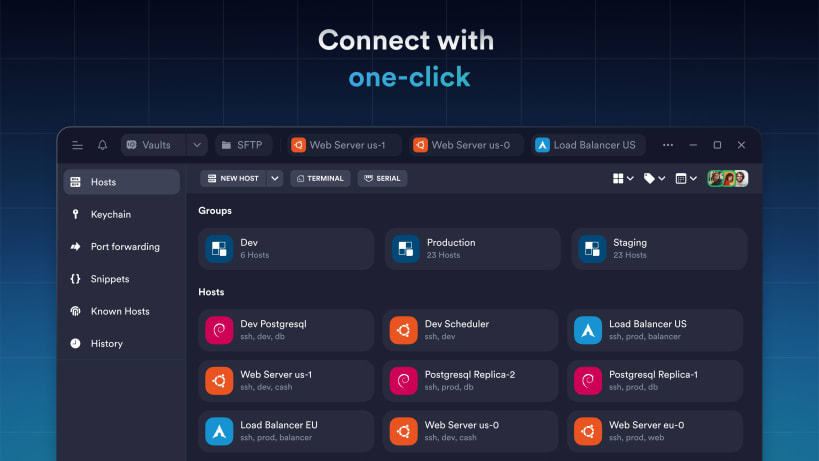 Termius is an SSH client and terminal how it should be. Connect with one tap from any mobile and desktop device—no re-entering IP addresses, ports, and passwords.
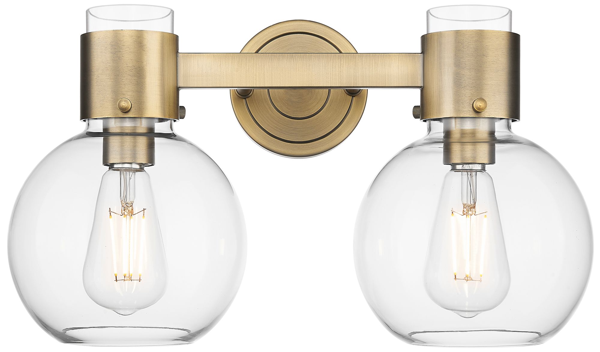 Downtown Lawton Sphere 16"W 2 Light Brass Vanity Light w/ Clear Shade
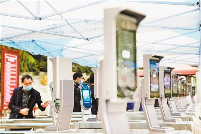 四月十八日,黔江中学工作人员对学校门口的红外线测温仪进行检查。特约摄影 杨敏

(Task item): Nothing but the lines from the line containing "Downtown Lawton Sphere" through the end of the data, both ends included, is to be reproduced, exactly as written and without the pictures.

(Exercise answer):
 Downtown Lawton Sphere 16"W 2 Light Brass Vanity Light w/ Clear Shade
 四月十八日,黔江中学工作人员对学校门口的红外线测温仪进行检查。特约摄影 杨敏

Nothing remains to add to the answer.